Such preparation of the church for her prophetic ministry is the purpose of the message of Revelation.


The Prophetic Message of the Apocalypse

The prophetic voice of the Apocalypse is disturbing and difficult: difficult to understand, difficult to believe, and difficult to relevantly proclaim. This is so not because of its esoteric and figurative language, though initially such a symbolical literary style can seem to be perplexing. Rather, what is disturbing and difficult to receive is the message itself, once one knows what is being said. For the message of Revelation is so full of doom and darkness and judgment. In fact a major portion of its text contains prophetic pictures of horror and tribulation that stagger the imagination. As if there were nothing left for the human race but chaos and suffering, and then the End. What is to be made of this? And how does this serve the church in preparing her to carry out the mission of the Lord Christ? However, Revelation is not alone in emphasizing such a dark view of earthly life. The prophets of the Old Testament have a similar view of the future for the human race, a view of the horrors and suffering that the human race experiences because of the judgment of God. This judgment of God is an important part of the prophetic message of the Old Testament. And Revelation is an heir, a descending line of this prophetic voice of the Old Testament.7

Both the prophets of old and John of the Apocalypse present God on the one hand as an angry and vengeful God. How often through the prophetic voice of the Old Testament are we told that God sent plagues and drought and famine and war and death and natural disasters on the peoples of the earth. All because of His anger and wrath over their sins.8 In Revelation its prophetic message also describes an angry God hitting the human race with plagues of judgment.9 Similar to those by which He plagued ancient Egypt, the prophetic voice of Revelation declares that God will hit the peoples of the earth with wars and famine and death (6:1-11), with natural disasters and diseases (8:6-13; 16:1-11), with demonic forces of evil (9:1-11). All because of His fury and anger in His judgment over the sins and rebellion of the human race (15:1-8).

What are we to make of this? For the Book of Revelation in describing such acts of God's anger and judgment does not refer to some time in the past, as if God only acted this way in ancient times described in the Old Testament. Nor in such descriptions does it refer to some indefinite time in the future. What the prophetic voice of the Apocalypse declares and describes, takes place throughout the entire New Testament era, from Christ's ascension upto the End. It is taking place now. But again, what are we to make of this?

According to the prophetic proclamation of both the Old Testament and of the Revelation of John, there are no such things as accidents of nature or of history or of social events. To think of such is idolatry. Rather, everything is under the sovereign and permissive will and control of God. While man because of his sin and rebellion and godless living is the cause of all the evils and sufferings that he experiences, God Himself is in control of such punishing results. He governs them and permits them and measures them out according to His will under his judgment. God is in control of history and all human events and the people who act them out. Not some blind fate or mindless chance or evolutionary force. To think of such is idolatry. But what are we to make of this?

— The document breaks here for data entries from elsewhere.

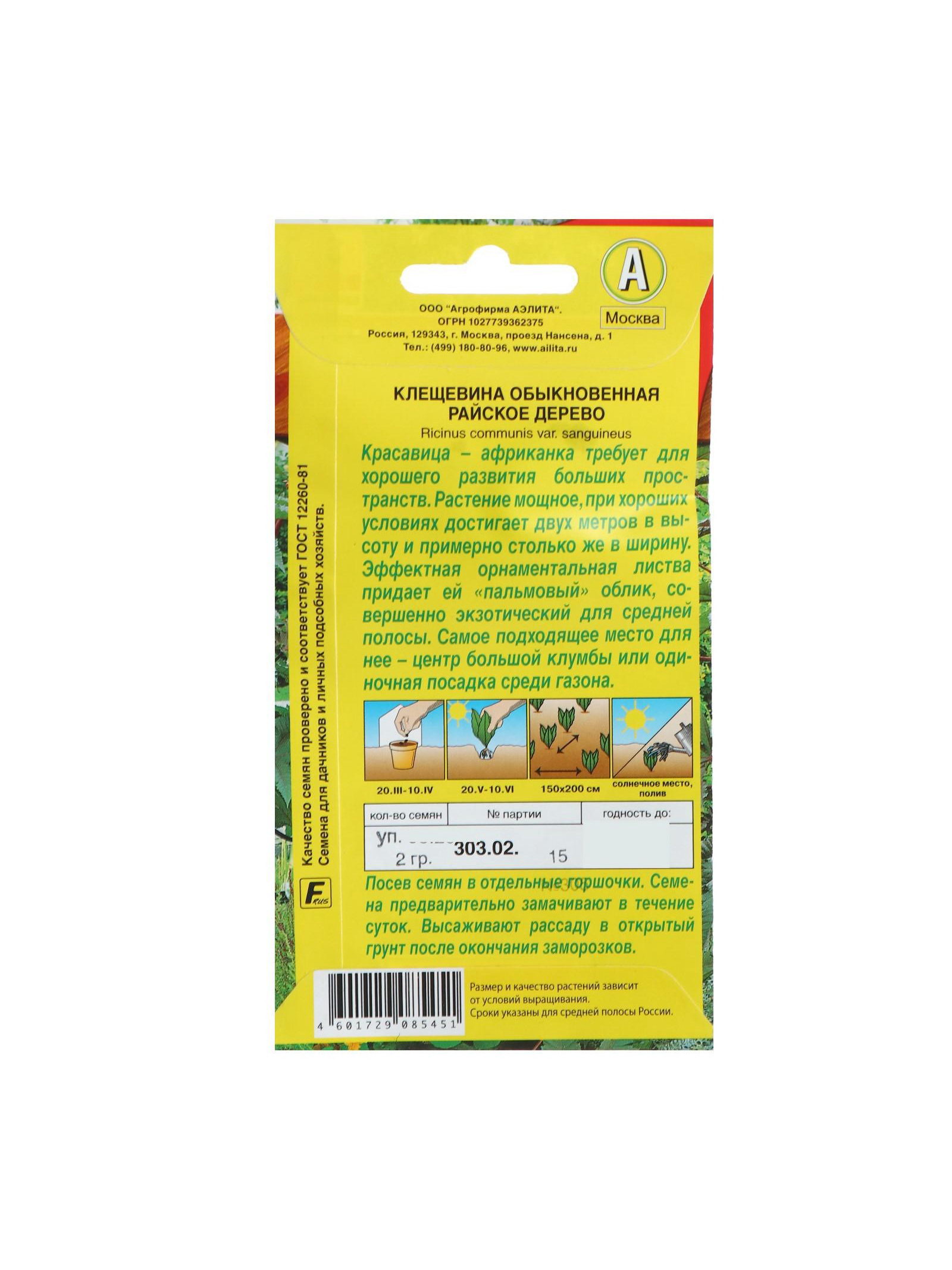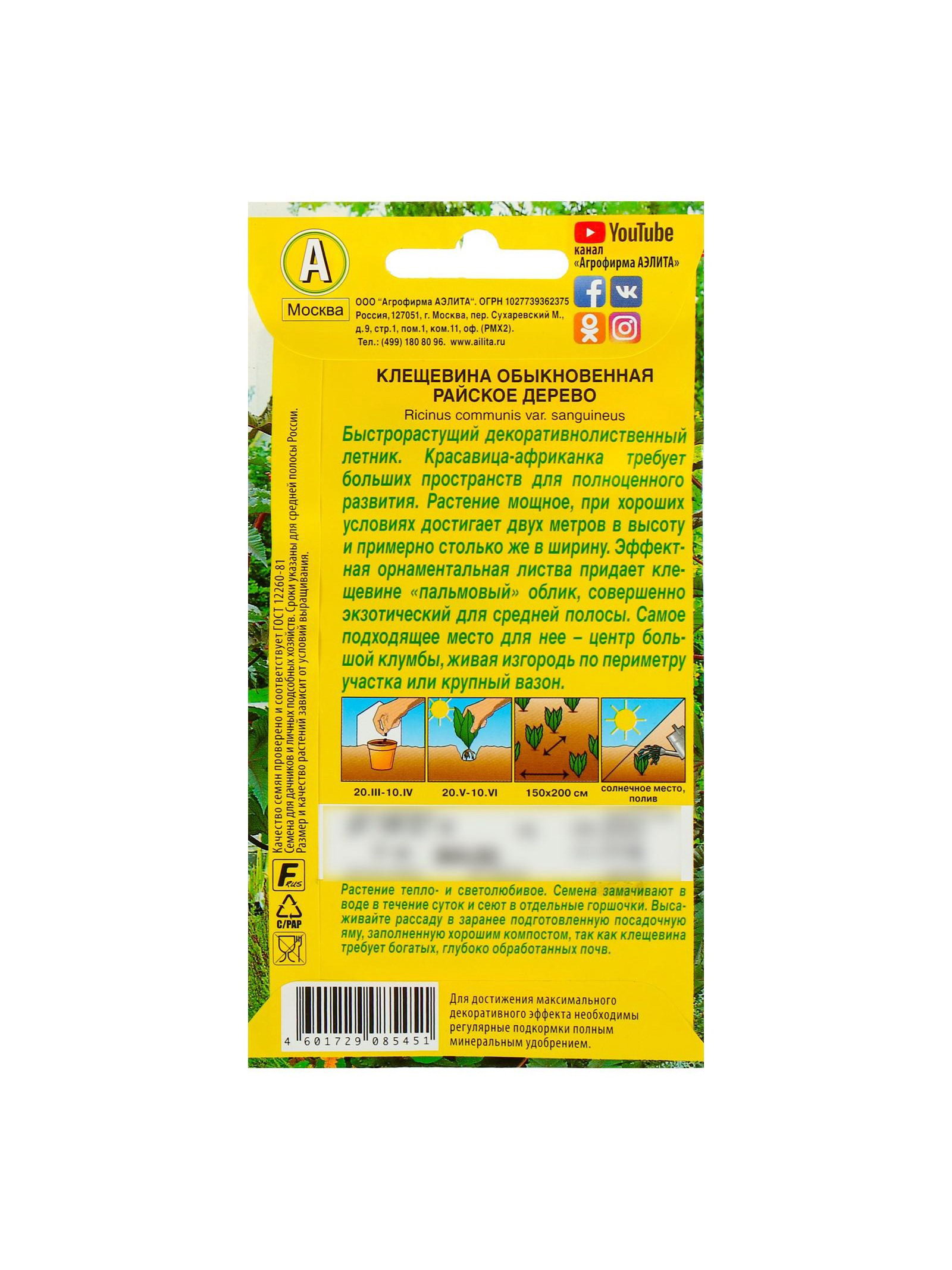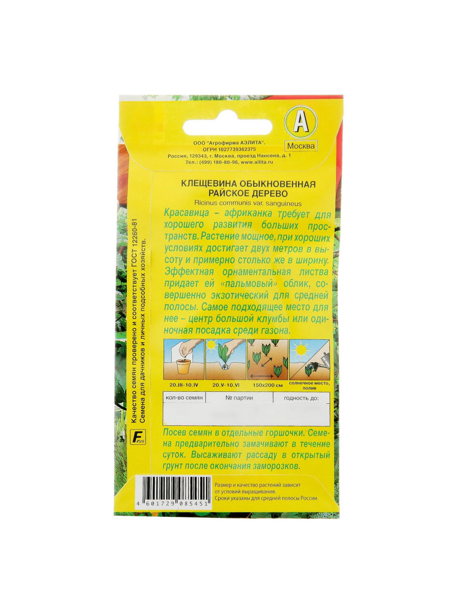 Набор семян Клещевина "Райское дерево", О, 5 шт., 9x17x1 см., Мой выбор, Россия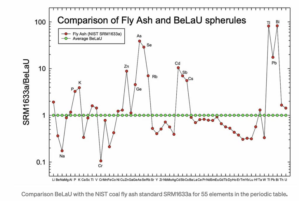 They compared the average composition of BeLaU spherules for 55 elements with the SRM1633a coal ash standard in the figure attached below. Many volatile elements (Zn, As, Se, Cd, Tl, Pb and Bi) are enriched in the coal fly ash by factors of about 10 to 100 compared to the BeLaU spherules. Some refractory elements (Be, Ca, Cr, Fe, Y, Tm, Yb, Lu and W) are depleted by factors of 3 to 10 in coal fly ash when compared to BeLaU spherules. Thus, BeLaU spherules do not have the composition of coal ash, making the aforementioned claims invalid.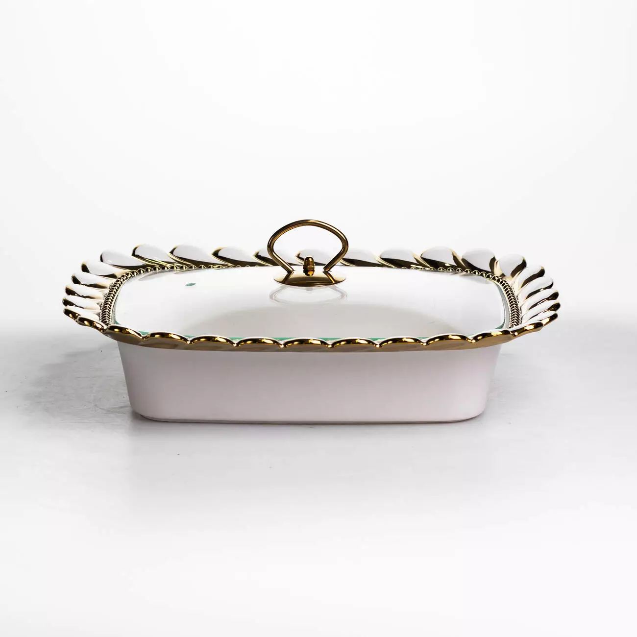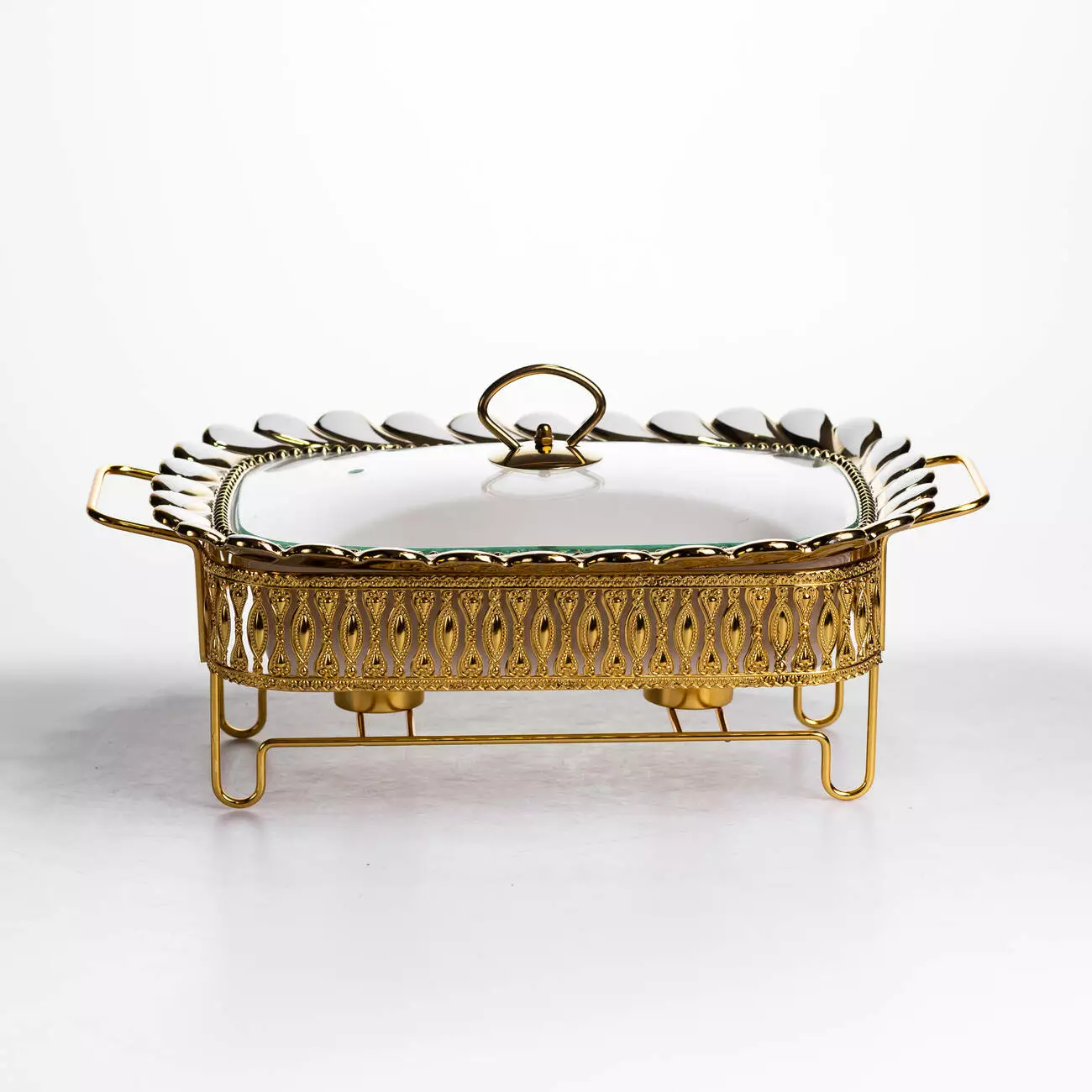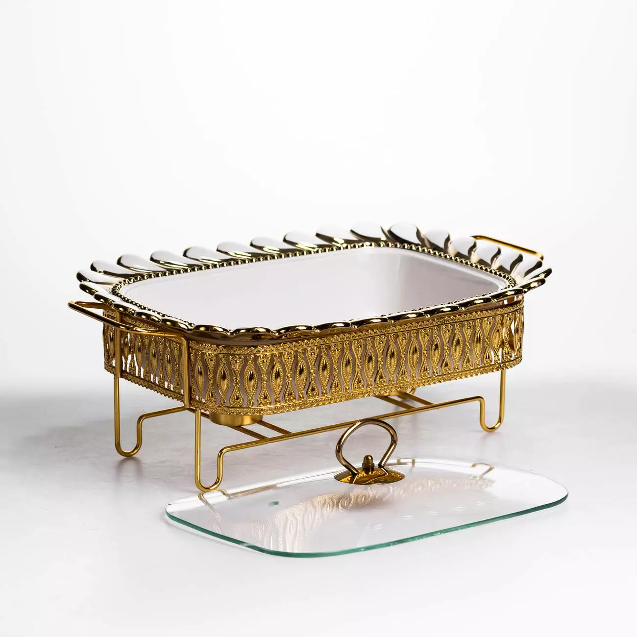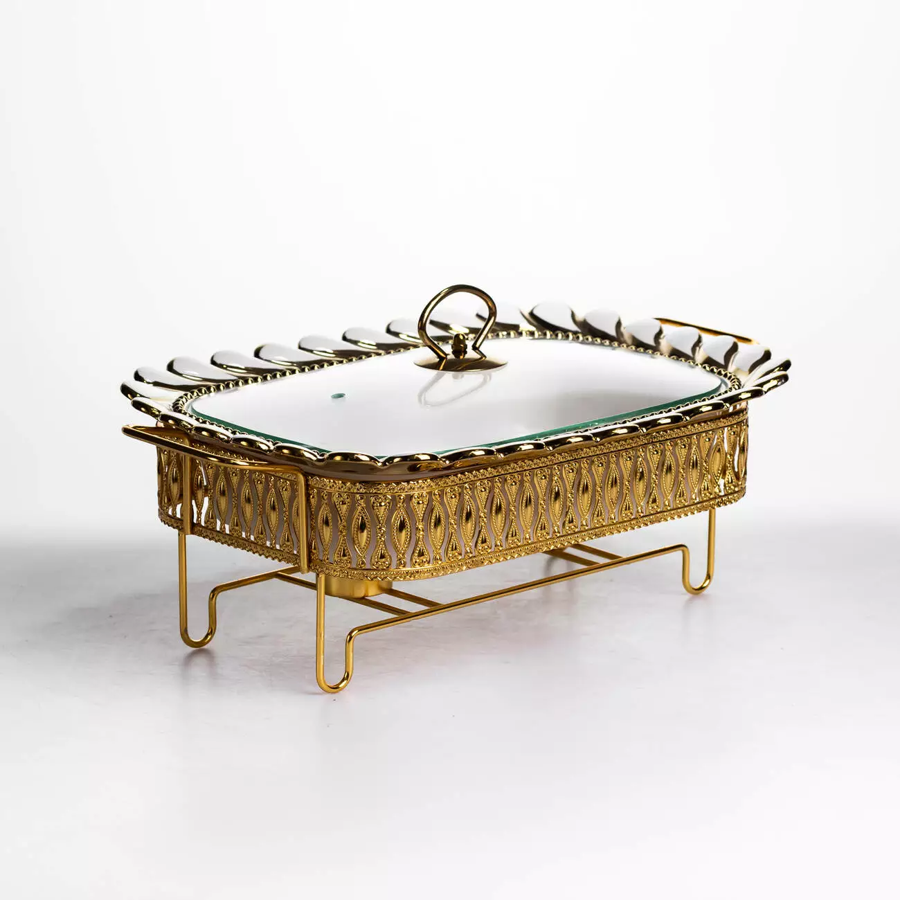 Основна ємність виготовлена з порцеляни, що забезпечує стійкість до температурних змін і простоту в догляді. Скляна кришка дозволяє контролювати вміст без необхідності відкривання, що допомагає мінімізувати втрату тепла. Металева підставка виконує функцію тримача та забезпечує місце для розміщення джерела підігріву, що рівномірно підтримує температуру страви.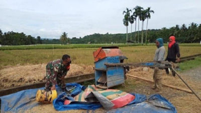 Hal ini untuk mewujudkan dukungan TNI khususnya prajurit kewilayahan yaitu Babinsa dalam mensukseskan program swasembada pangan, dengan semangat ikut serta terjun langsung kesawah bantu para petani desa binaannya saat memanen padi.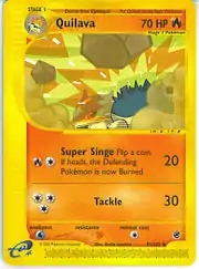 Quilava (Japanese: マグマラシ Magmarashi) is a Fire-type Stage 1 Pokémon card. It is part of the Expedition Base Set.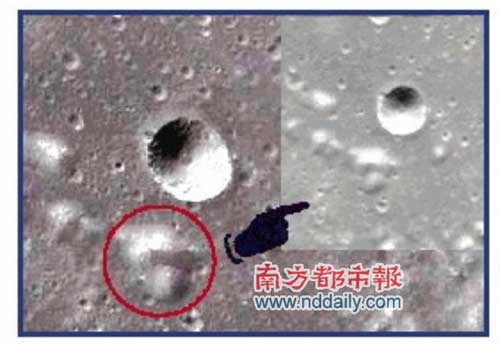 月照公布當(dāng)天,即有網(wǎng)友發(fā)帖《我認(rèn)為嫦娥拍到的圖片是假的》。用GoogleMoon(NASA提供月球照片)上找到的月球相同區(qū)域照片與嫦娥照片進(jìn)行對(duì)比,嫦娥照片旋轉(zhuǎn)20度后與GOOGLE圖片比較相似。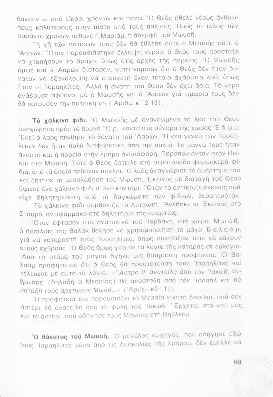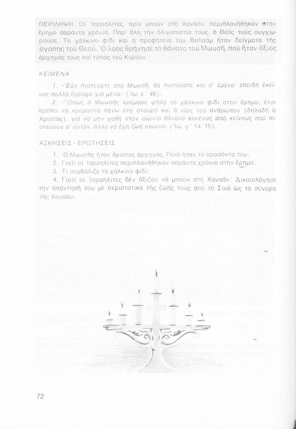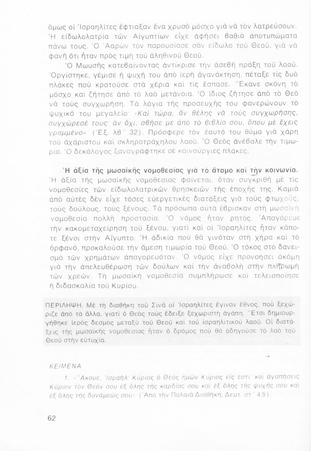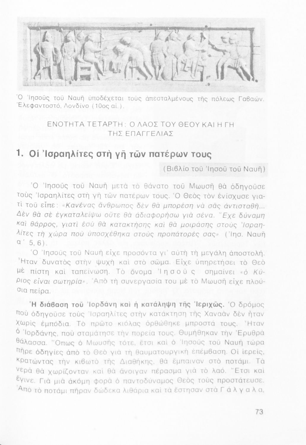 Σχολικό εγχειρίδιο Θρησκευτικών Α΄ Γυμνασίου που συνιστά μία εξιστόρηση της Παλαιάς Διαθήκης από τη δημιουργία του κόσμου ως την υποταγή των Εβραίων στους Ρωμαίους.

All the horrors and terrifying events that afflict the human race, whether from man himself in the shedding of blood or in his acts of evil, whether from the forces of nature in earthquakes and droughts, or whether from the many diseases that infect the human body, all result because of man's sin against God. But all take place under the sovereign permissive will of God for the purpose of leading mankind to repentance, and He controls them for that purpose and for the ultimate benefit of His creation and His own glory.10

Listen to the prophetic cry of the prophet Amos (4:10), "I (Yahweh) sent plagues among you as I did to Egypt. I killed your young men with the sword, along with your captured horses. I filled your nostrils with the stench of your camps, yet you have not returned to me (MV)." This prophetic cry is emulated in Revelation (16:8), "And the fourth angel poured out his censer upon the sun, and there was given to it to burn men in fire. And the men were burned with great heat, and they blasphemed the name of God who had such authority over these plagues, and they did not repent to give to Him glory."11 And Moses himself warned the people not to disobey God for their God would send curses on them. He would plague them with diseases, with scorching heat and drought and blight and mildew. And they would be defeated by their enemies (Deut 28:20~29).12 This prophetic voice is trumpeted loud and clear in John's Apocalypse, "And the angel took the censer and filled it with the fife from the incense altar and then he cast it down onto the earth (8:5)." There then follow the seven trumpet-angels who announce the wrath of God upon the earth in the form of plagues which hit nature (8: 1-13). These are followed by the seven censer-angels who pour out upon the human race God's anger in the form of boils and festering sores and poisoned waters from which people die - in addition the people are hit by burning scorching heat. But people do not repent but rather grow all the more angry against God and blaspheme Him (16:1-11).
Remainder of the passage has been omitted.